REQUIREMENT: Copy out the entire listing below exactly, but without its pictures.
DATA SECTION: Begin
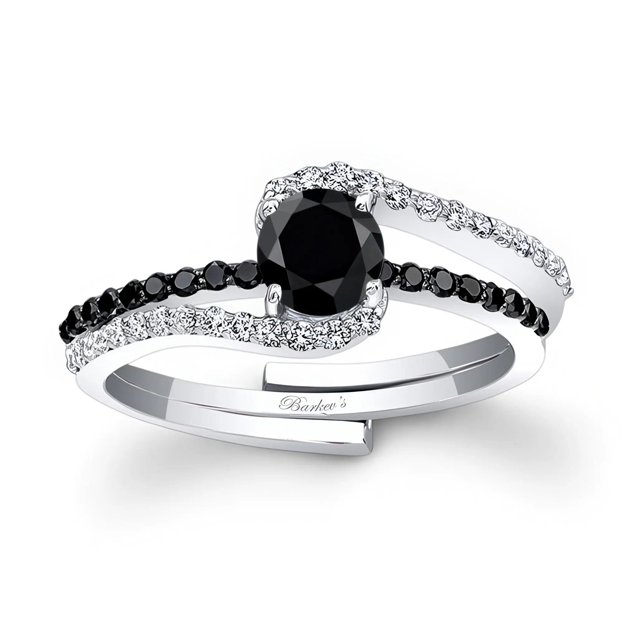 This half carat black diamond bridal set features a prong set round center with pave diamonds and a black diamond wedding band that slips in between the split shank.
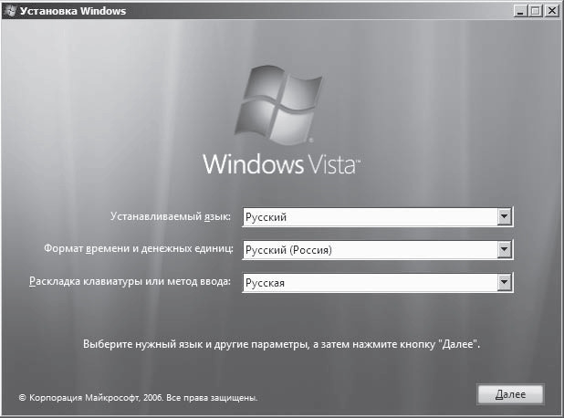 После того как будет выполнено копирование файлов, необходимых для начала работы программы установки Windows Vista, вы увидите ее первое окно (рис. 1.3), в котором вам предстоит выбрать устанавливаемый язык, формат даты и раскладку клавиатуры. Если во всех списках выбран вариант Русский, не меняйте данные настройки и просто нажмите Далее.
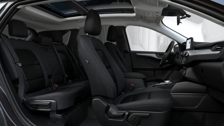 Equipment Group 200A, 3.81 Axle Ratio, 4-Wheel Disc Brakes, 6 Speakers, ABS brakes, Air Conditioning, Alloy wheels, AM/FM radio: SiriusXM, AM/FM Stereo, Auto High-beam Headlights, Automatic temperature control, Black Roof-Rack Side Rails, Brake assist, Bumpers: body-color, Compass, Delay-off headlights, Driver door bin, Driver vanity mirror, Dual front impact airbags, Dual front side impact airbags, Electronic Stability Control, Emergency communication system: SYNC 4 911 Assist, FordPass Connect, Four wheel independent suspension, Front anti-roll bar, Front Bucket Seats, Front Center Armrest, Front dual zone A/C, Front License Plate Bracket, Front reading lights, Fully automatic headlights, Illuminated entry, Knee airbag, Low tire pressure warning, Occupant sensing airbag, Outside temperature display, Overhead airbag, Overhead console, Panic alarm, Panoramic Vista Roof, Passenger door bin, Passenger vanity mirror, Power door mirrors, Power Liftgate, Power steering, Power windows, Radio data system, Rear anti-roll bar, Rear reading lights, Rear seat center armrest, Rear window defroster, Rear window wiper, Remote keyless entry, Speed control, Speed-sensing steering, Speed-Sensitive Wipers, Split folding rear seat, Spoiler, Steering wheel mounted audio controls, SYNC 4, Tachometer, Telescoping steering wheel, Tilt steering wheel, Traction control, Trip computer, Unique Cloth Front Bucket Seats, Variably intermittent wipers, and Wheels: 17 Shadow Silver-Painted Aluminum. 27/34 City/Highway MPG
DATA SECTION: End
EXERCISE SOLUTION:
 This half carat black diamond bridal set features a prong set round center with pave diamonds and a black diamond wedding band that slips in between the split shank.
 После того как будет выполнено копирование файлов, необходимых для начала работы программы установки Windows Vista, вы увидите ее первое окно (рис. 1.3), в котором вам предстоит выбрать устанавливаемый язык, формат даты и раскладку клавиатуры. Если во всех списках выбран вариант Русский, не меняйте данные настройки и просто нажмите Далее.
 Equipment Group 200A, 3.81 Axle Ratio, 4-Wheel Disc Brakes, 6 Speakers, ABS brakes, Air Conditioning, Alloy wheels, AM/FM radio: SiriusXM, AM/FM Stereo, Auto High-beam Headlights, Automatic temperature control, Black Roof-Rack Side Rails, Brake assist, Bumpers: body-color, Compass, Delay-off headlights, Driver door bin, Driver vanity mirror, Dual front impact airbags, Dual front side impact airbags, Electronic Stability Control, Emergency communication system: SYNC 4 911 Assist, FordPass Connect, Four wheel independent suspension, Front anti-roll bar, Front Bucket Seats, Front Center Armrest, Front dual zone A/C, Front License Plate Bracket, Front reading lights, Fully automatic headlights, Illuminated entry, Knee airbag, Low tire pressure warning, Occupant sensing airbag, Outside temperature display, Overhead airbag, Overhead console, Panic alarm, Panoramic Vista Roof, Passenger door bin, Passenger vanity mirror, Power door mirrors, Power Liftgate, Power steering, Power windows, Radio data system, Rear anti-roll bar, Rear reading lights, Rear seat center armrest, Rear window defroster, Rear window wiper, Remote keyless entry, Speed control, Speed-sensing steering, Speed-Sensitive Wipers, Split folding rear seat, Spoiler, Steering wheel mounted audio controls, SYNC 4, Tachometer, Telescoping steering wheel, Tilt steering wheel, Traction control, Trip computer, Unique Cloth Front Bucket Seats, Variably intermittent wipers, and Wheels: 17 Shadow Silver-Painted Aluminum. 27/34 City/Highway MPG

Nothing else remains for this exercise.